Swim Tools: Useful or “Contaminants?”
by Terry Laughlin

Posted on December 23rd, 2010

The Active Swim newsletter in my email inbox listed an article heading that caught my eye 5 Tools to Spice Up Your Swims. The promo copy said Ever wonder what swimmers are doing with fins and snorkels? Here’s a breakdown of helpful gadgets and how to incorporate them into your workouts.

Actually I have a pretty good idea what swimmers are doing with them. In many cases they think the ‘recipe for a workout’ is much like that for a cake.  To make a cake, mix together cake flour, eggs, baking powder, vegetable oil, and sugar. To make a workout, mix together pull buoy, paddles,kickboard, fins, and ‘bake’ for an hour or two.

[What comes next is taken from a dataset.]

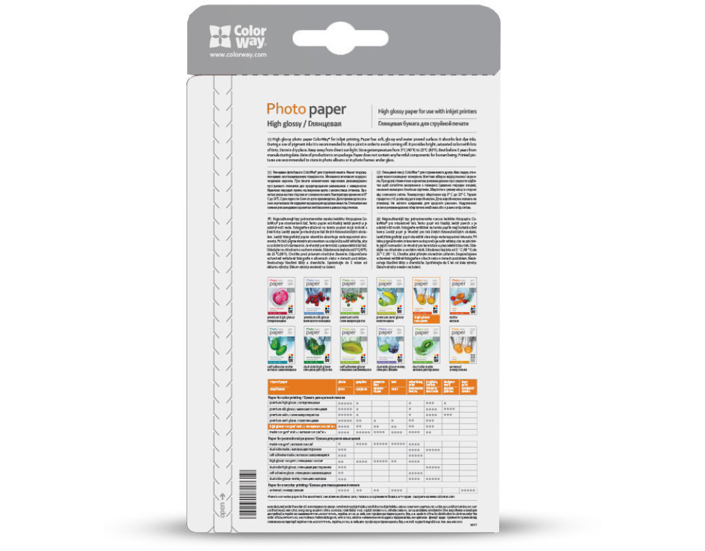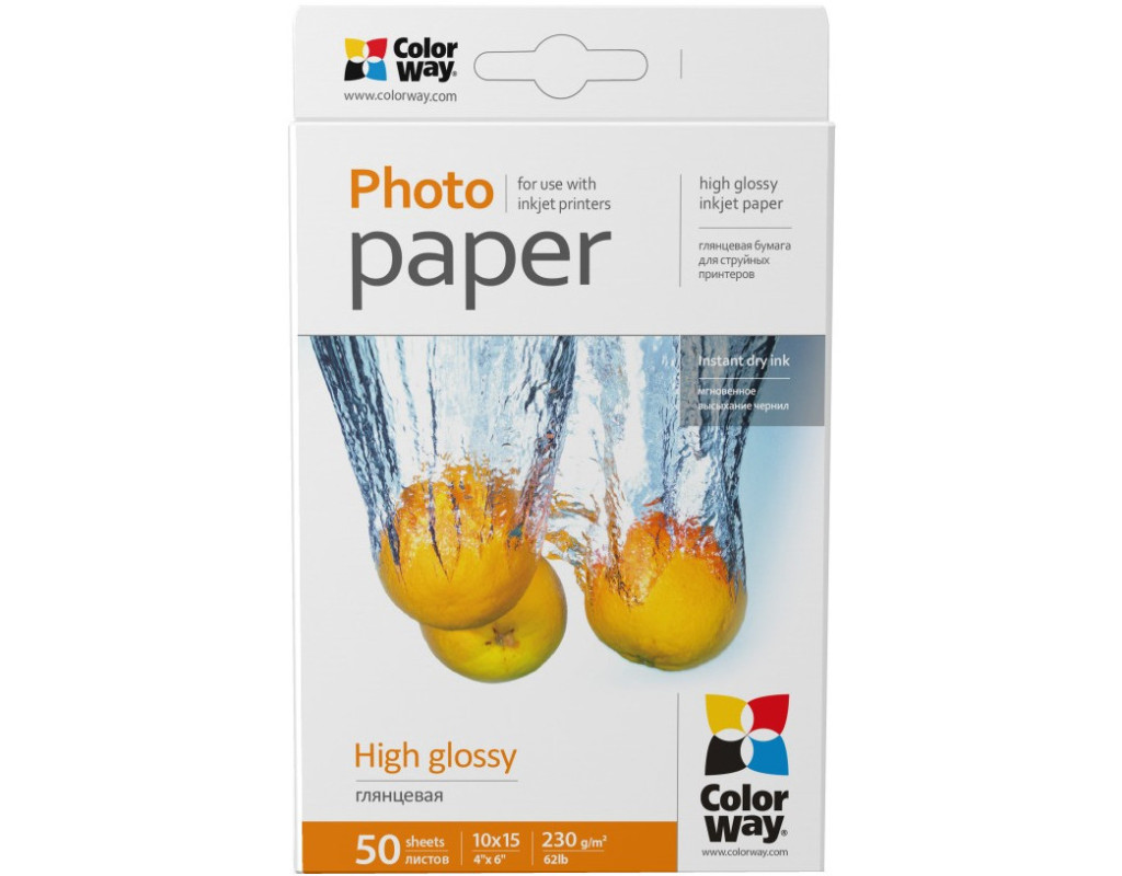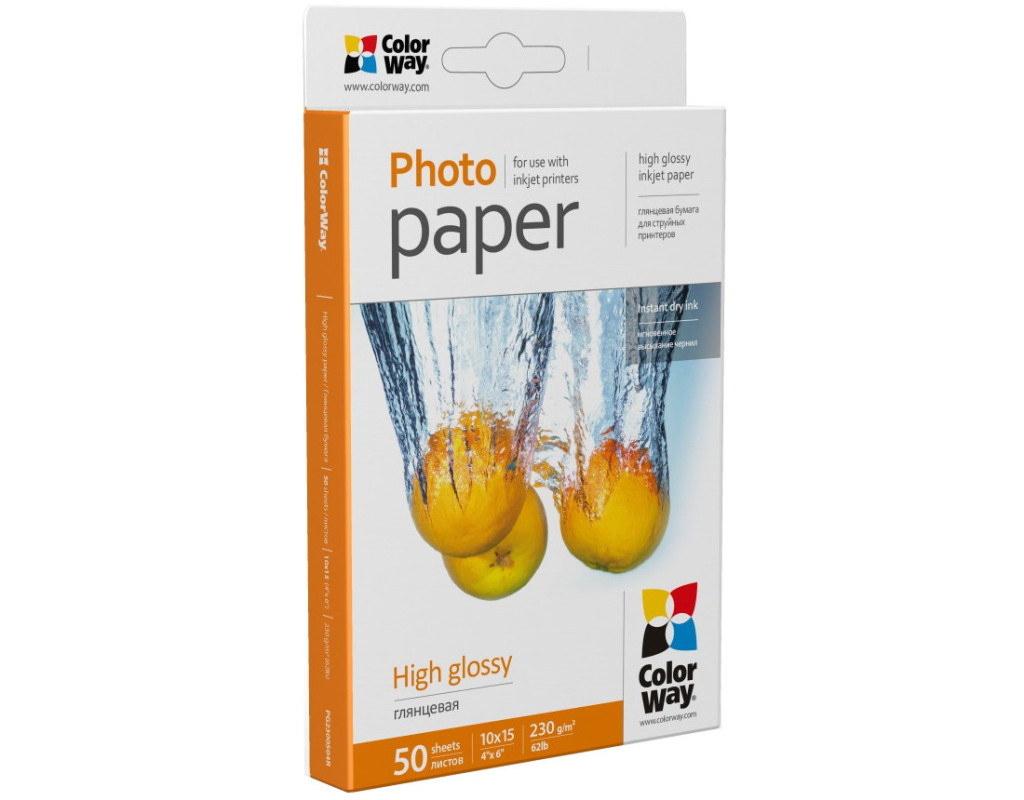 Глянцевий папір ColorWay® для струменевого друку. Має гладку, глянцеву вологозахищену поверхню. Миттєво вбирає водорозчинні чорнила. При друку пігментним чорнилом рекомендовано просушувати відбиток щоб запобігти змазуванню з поверхні. Ідеально передає яскраві, насичені кольори з безліччю відтінків. Зберігати в сухому місці в стороні від сонячного світла. Температура зберігання від 5°С до 25°С. Термін придатності 5 років від дати виробництва. Дата виробництва вказана на упаковці. Не містить шкідливих для здоров'я речовин. Надруковані знімки рекомендовано зберігати в альбомах або в рамках під склом. Ця модель паперу призначена тільки для друку на струменевому принтері та персонального використання. |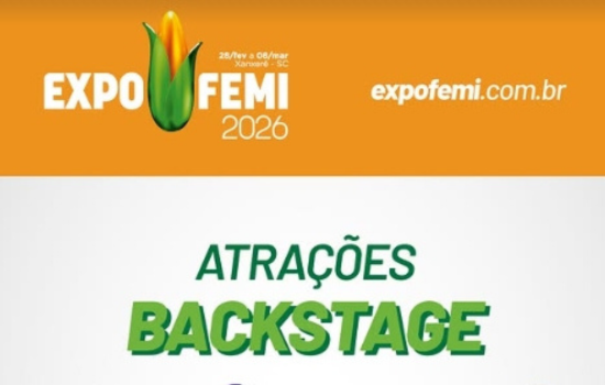 A organização da ExpoFemi 2026 divulgou a programação do palco Backstage, que contará com seis atrações musicais distribuídas entre os dias 28 de fevereiro e 8 de março, em Xanxerê. A agenda começa no sábado (28/02) com show de Milla Dal Molin. No domingo (01/03), sobem ao palco Julio e Eneni. A programação segue na quinta-feira (05/03) com Edu Farias, na sexta-feira (06/03) com Luisa Cristina, no sábado (07/03) com Vinão e se encerra no domingo (08/03) com o grupo Doce Vício.

Back in 1988, when I first met Bill Boomer, he referred to them as “contaminants.” By that he meant that they impede the swimmers’ ability to develop the all-important sense of how your body and water interact. At the time I regularly used most of them in my own training and had also used them in coaching my teams.  Bill got me to re-examine my own beliefs and over time I came to view them as he did. In the last 20 years the only swim tools I’ve used have been Fistgloves (in the late 90s) and a Tempo Trainer (since 2003).

To most swimmers, and coaches, most tools are simply ways to do more work and virtually all of that work is predicated on overloading the muscles and aerobic system. But as contaminants – and there’s no disputing that they are — they rarely do anything positive for neural adaptation.  And as regular readers of this blog will know, I’m a strong believer that a well-tuned brain and nervous system are the most critical aspects of swimming well.  (The Tempo Trainer is 100% about neural adaptation.)

The article’s author Steve Munatones  is recognized as one of the leading voices covering and coaching coach open water swimming, and was an elite open water marathoner himself. At 49 he can still swim a mean set of 200 – a set I never attempted in college. While Steven and I are friends, we also have some spirited-and-principled differences of opinion on training approaches. The usefulness of swim tools is one of them.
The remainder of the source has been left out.